CAPEC-1: Accessing Functionality Not Properly Constrained by ACLs
In applications, particularly web applications, access to functionality is mitigated by an authorization framework. This framework maps Access Control Lists (ACLs) to elements of the application's functionality; particularly URL's for web apps. In the case that the administrator failed to specify an ACL for a particular element, an attacker may be able to access it with impunity. An attacker with the ability to access functionality not properly constrained by ACLs can obtain sensitive information and possibly compromise the entire application. Such an attacker can access resources that must be available only to users at a higher privilege level, can access management sections of the application, or can run queries for data that they otherwise not supposed to.

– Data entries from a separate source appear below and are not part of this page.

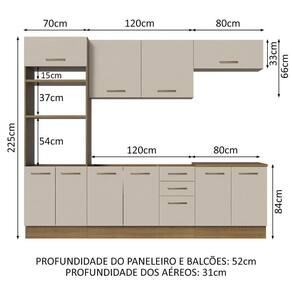 - 52 cm de profundidade nos módulos inferiores e 31 cm nos aéreos
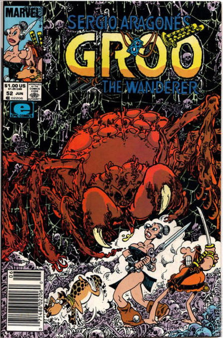 Comic featuring the humorous misadventures of the mighty (physically) but not-so-great (mentally) warrior named Groo. This issue features "The Arana" in which Groo and Chakaal try to stop a human sacrifice. Story and art credits: Sergio Aragones.
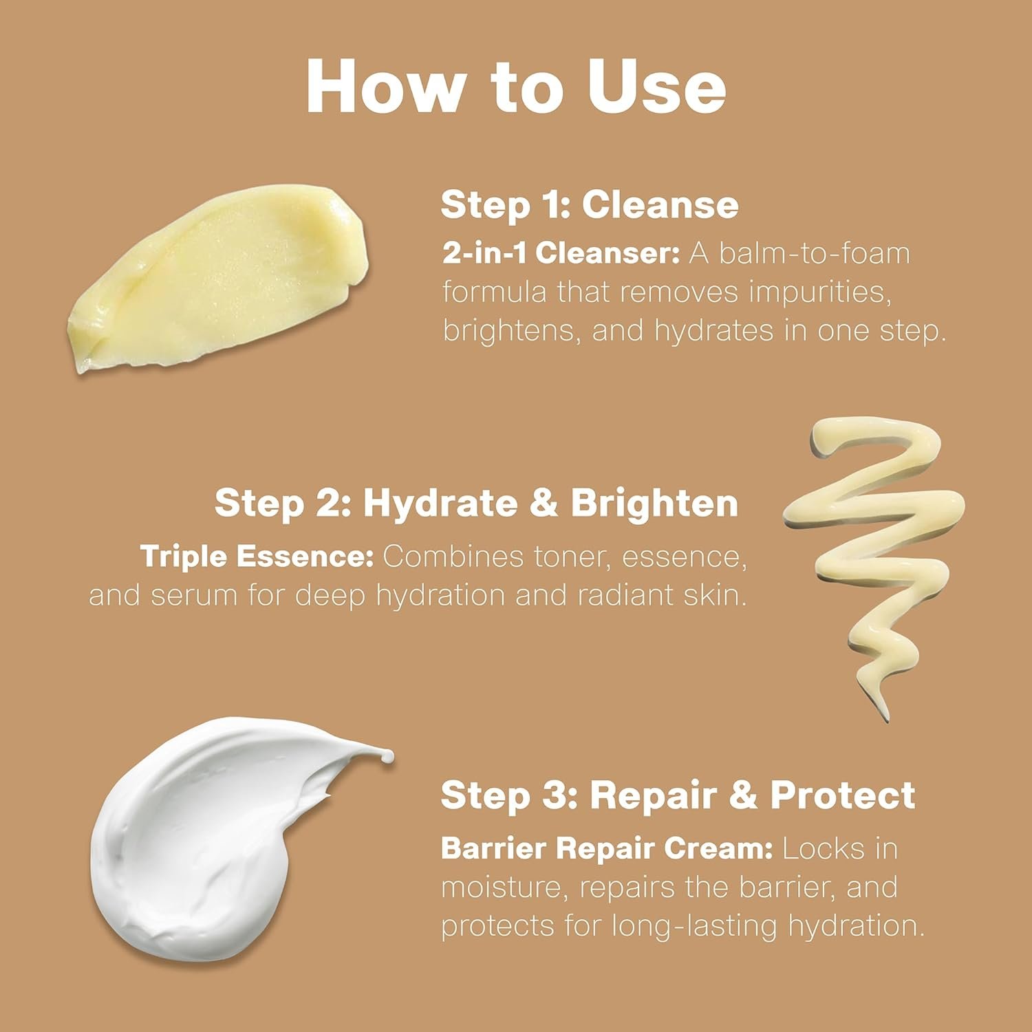 Step 2: HYDRATION & BRIGHTENING – Triple Essence: Combines toner, essence, and serum in one step. Powered by HydroFlux Technology and 8-Layer Hyaluronic Acid, it hydrates, plumps, and brightens with stable Vitamin C.
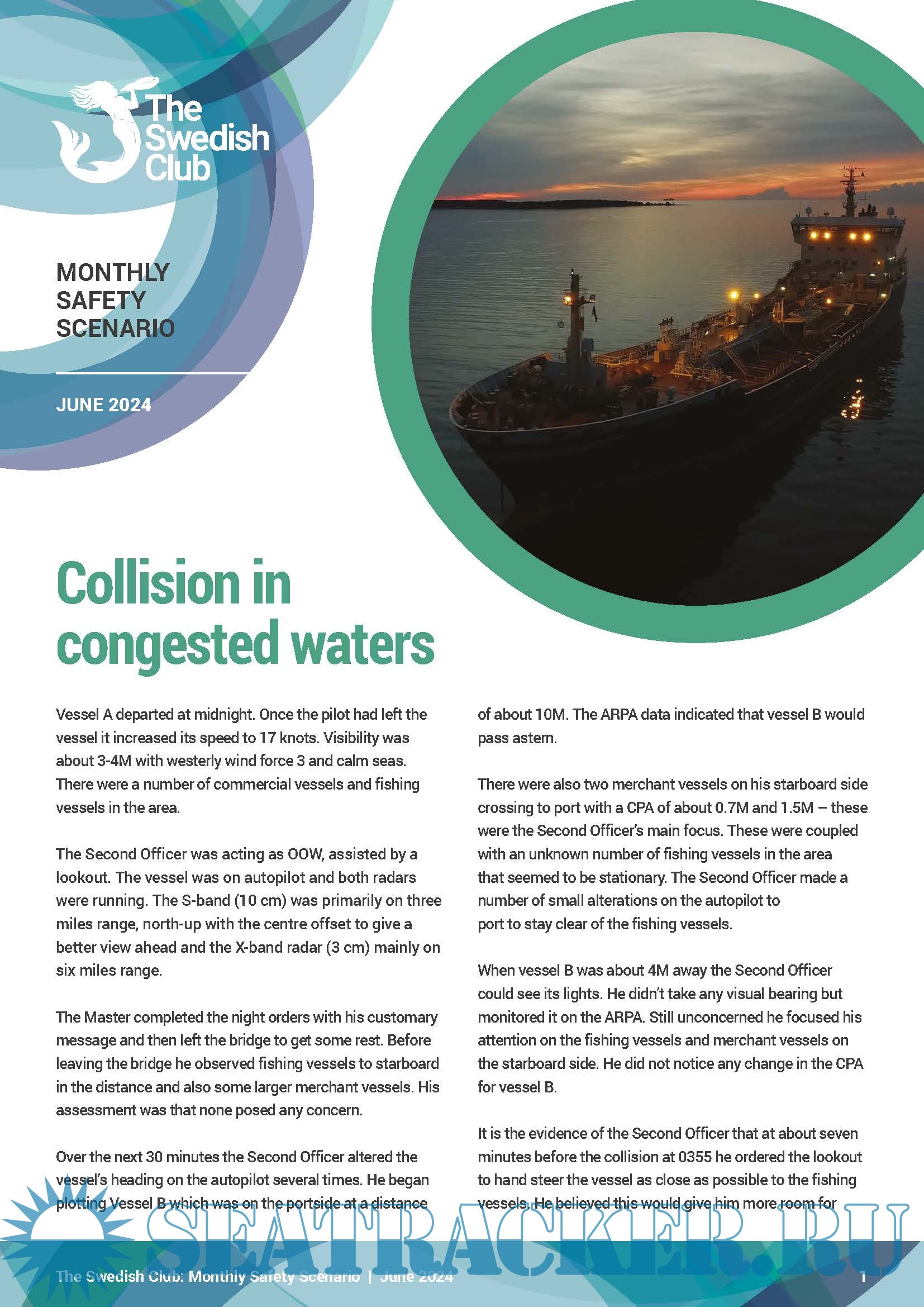 Year: 2024 Language: English Author: the Swedish Club Genre: Periodical publication Edition: June - August, 2024 Format: PDF Quality: eBook Pages count: Multiple Description: The Club is publishing, on a monthly basis, a new Monthly Safety Scenario (MSS) to assist owners in their efforts of complying with the above regulations. Alternative scenarios will be uploaded in SCOL. It is easy to download the MSS and enter the written conclusions from the meeting and send feedback to the shore-based organisation. Under the ISM requirement, owners are obliged to carry out monthly safety meetings or safety committee meetings onboard their vessels. This obligation stems from Chapter 5 of the ISM Code: “Master’s responsibility and authority” and furthermore from “5.1.2, motivating the crew in the observation of that policy” see "Contents" for details.

CAPEC-127: Directory Indexing
An adversary crafts a request to a target that results in the target listing/indexing the content of a directory as output. One common method of triggering directory contents as output is to construct a request containing a path that terminates in a directory name rather than a file name since many applications are configured to provide a list of the directory's contents when such a request is received. An adversary can use this to explore the directory tree on a target as well as learn the names of files. This can often end up revealing test files, backup files, temporary files, hidden files, configuration files, user accounts, script contents, as well as naming conventions, all of which can be used by an attacker to mount additional attacks.
CAPEC-81: Web Server Logs Tampering
Web Logs Tampering attacks involve an attacker injecting, deleting or otherwise tampering with the contents of web logs typically for the purposes of masking other malicious behavior. Additionally, writing malicious data to log files may target jobs, filters, reports, and other agents that process the logs in an asynchronous attack pattern. This pattern of attack is similar to "Log Injection-Tampering-Forging" except that in this case, the attack is targeting the logs of the web server and not the application.